Ahmed as Elvis was charming, and clearly disconcerting to his fellow American Airlines employees. He didn’t seem to give a rat's ass. He kept trying to find ways for me to get through the long lines and bottlenecks faster. At checkpoints, even though the wheelchair I was in was clearly their property, I had to get up and walk while they removed this chair and replaced it with another — also their property. Looking around at all these humorless guys in camouflage carrying assault rifles, I had to wonder, what is it that I could pull off in a borrowed wheelchair that would be as deadly as those automatic weapons. I mean, I’m not a crip McGyver.

They also seemed to be stopping people randomly and asking them to remove their shoes for inspection. We didn’t know about the sneaker bomber yet, so this struck Ahmed and me as especially hilarious. I can get my shoes off by myself, but not back on without certain kinds of help. I decided if they picked me, Ahmed could use the occasion of kneeling before me to do the proposal scene from Viva Las Vegas.

My friend Danny, who is wheelchair-bound and Latino, also had to fly somewhere this same holiday season. He told me later that when he was selected out for a shoe search, he was honored that he could still be perceived as a possible terrorist, even though he was an overt cripple. Then he added that what probably pushed him over the edge from pity into menace was the spic factor.

When I went through the metal detector, I told the guys on this end of it that my left knee is titanium and it absolutely would set off the alarm. Even so, when I emerged on the other side, the quality of what registered on their security monitor brought every blue blazer in the vicinity to stand around me. Ahmed waved at me over the shoulder of one official. I emptied all my pockets, but I was still setting off red rockets of alarms. But Logan was running short on the little wands they use to wave over people's bodies, so I had to be patted down by a security expert. They sent for the one woman apparently allowed to do this kind of work.

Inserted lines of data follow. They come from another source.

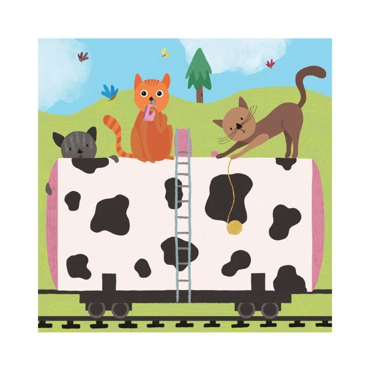 Kniha Vlakom celým rokom je prvým titulom vo formáte rozkladacieho harmonikového leporela a je tak vhodná aj pre tých najmenších čitateľov. Jedna strana leporela je venovaná nákladnému vlaku a zvieratkám, druhá strana potom osobnému vlaku plnému cestujúcich.
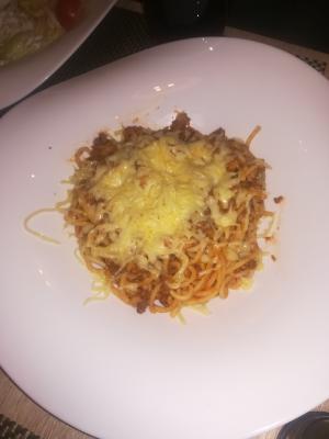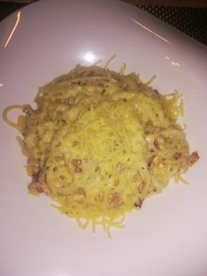 Состав: спагетти, ветчина, грибы шампиньоны, соус "Бе-шамель" со сливками, сыр |
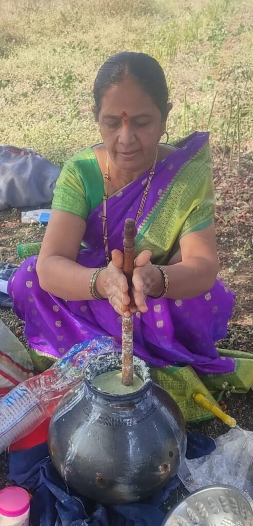 आंबिल म्हणजे ब्रम्हानंदी टाळीच – जेवणातील दुसरा महत्वाचा पदार्थ म्हणजे आंबिल. यांच्यासमोर सर्व पेय फिके पडणार असे याचे वैशिष्ट्य. आंबिल तयार करण्यासाठी चार – पाच दिवस अगोदरच दही लाऊन ठेवलेले असते. एक – दोन दिवस अगोदर त्याचे ताक करून ठेवले जाते. अद्रक, लसण, जीरे यांची दिलेली फोडणी. ज्वारीच्या पिठात बनवलेली ही आंबिल पिऊन झाडाच्या सावलीत घेतलेली एक डुलकी म्हणजे ब्रम्हानंदी टाळीच. यांची चव एवढी भारी असते की कितीही पिले तर समाधानी होत नाही. अधिक आंबील पिल्याने दुसर्या दिवशी अनेकांचे तोंडही सुजवते. आंबील तयार करून ती मातीच्या माठामध्ये भरून पायात चप्पल न घालवता ती डोक्यावर ठेवून शेतात घेऊन जाण्यात येत असते. माठात ठेवलेली असल्याने ती नैसर्गिक थंड झालेली असते. ही थंड आंबील ग्लासावर ग्लास रिचवली जाते.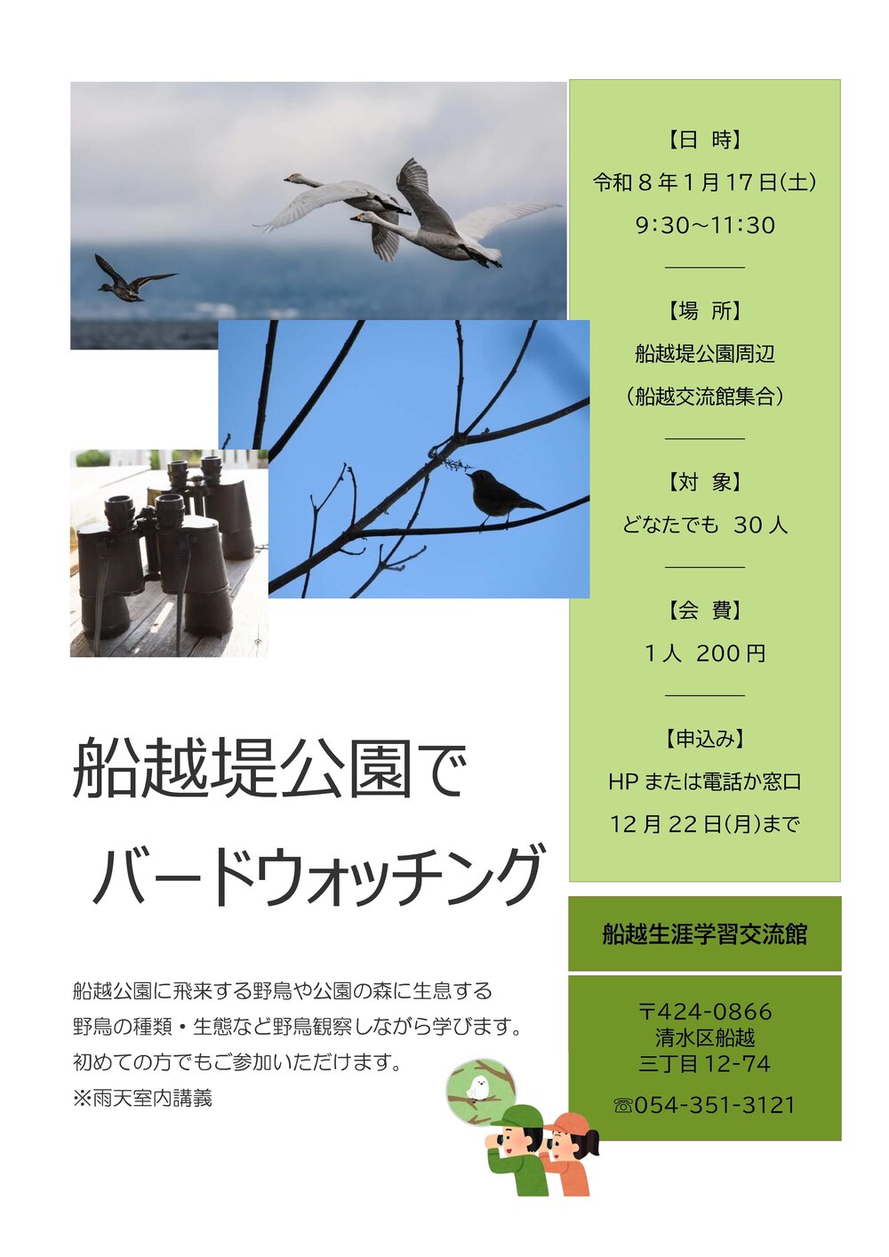 船越堤公園に飛来する野鳥、公園の森に生息する野鳥の種類・生態など野鳥観察をしながら学びます。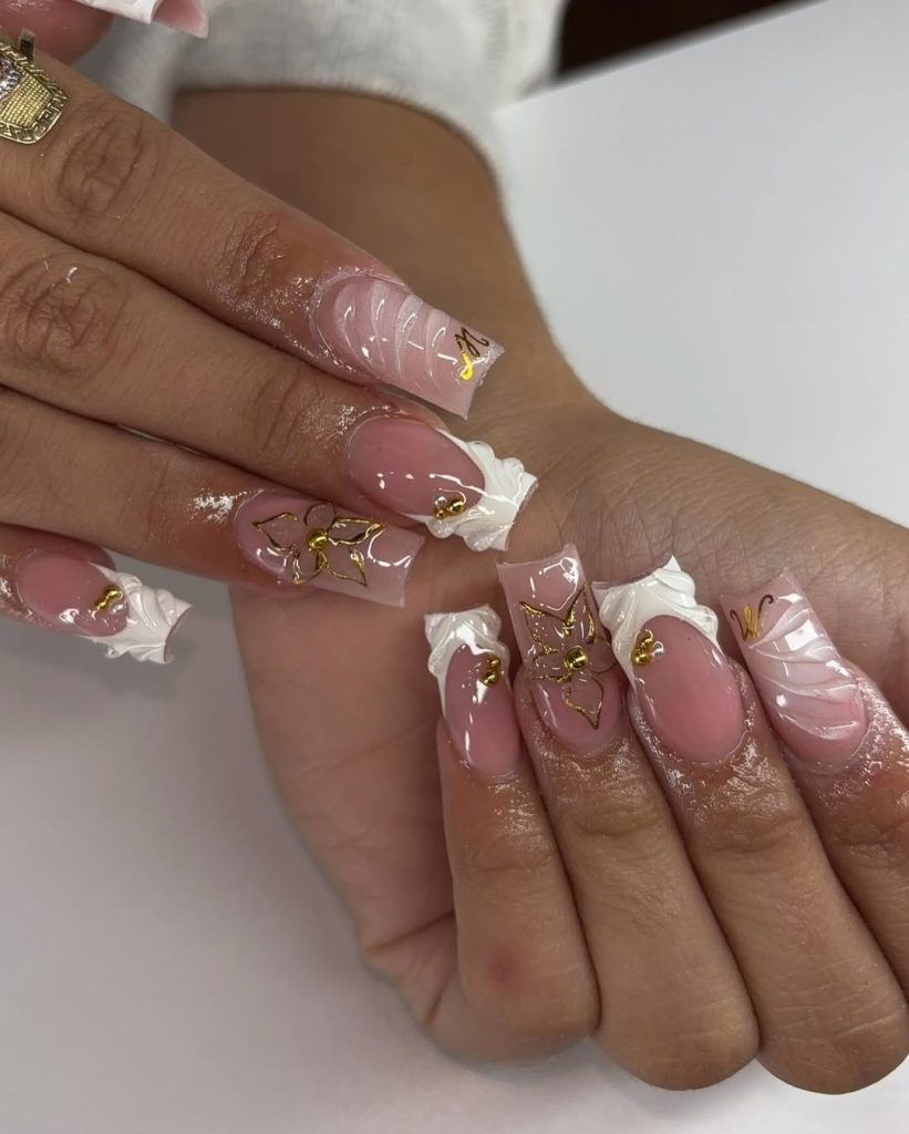 Ideally suited to people who love fine detail designs, these square nails will retain their shape and are perfect when it comes to creating layers. Pink and white colors with gold and details work harmoniously with the 2025 trends, where the accent is going to the textured and artistic nail design. The ideal colour to wear to special occasions, or occasions when you want the nails to shine among the rest.

Now, here's the thing. I am a lesbian Chandler Bing; I make jokes when I am nervous. I was nervous then. They were keeping Ahmed and the second wheelchair a few feet away, giving me a folding chair to sit on until the pat-down artist arrived. And when they parted the blue blazers to let her through, she was — of course — skinny, white, extremely straight, with impeccable make-up and hair. Except when I’m in all-lesbian groups, I have never in my life been wearing the right clothes around other women. She looked as dismayed at the sight of me as I was at the sight of her.

So, I had some tension to let off. I managed to keep it together until she reached a certain region that my mother referred to as munchkin land, as in, "Did you wash good in munchkin land?" Which made watching The Wizard of Oz a truly bizarre experience as a child … but I digress. When her pale, well-manicured hands began searching munchkin land for box cutters or plastic explosives, I could not help myself. I said, with complete Tupelo charm: "Thank yew, thank yew verra much."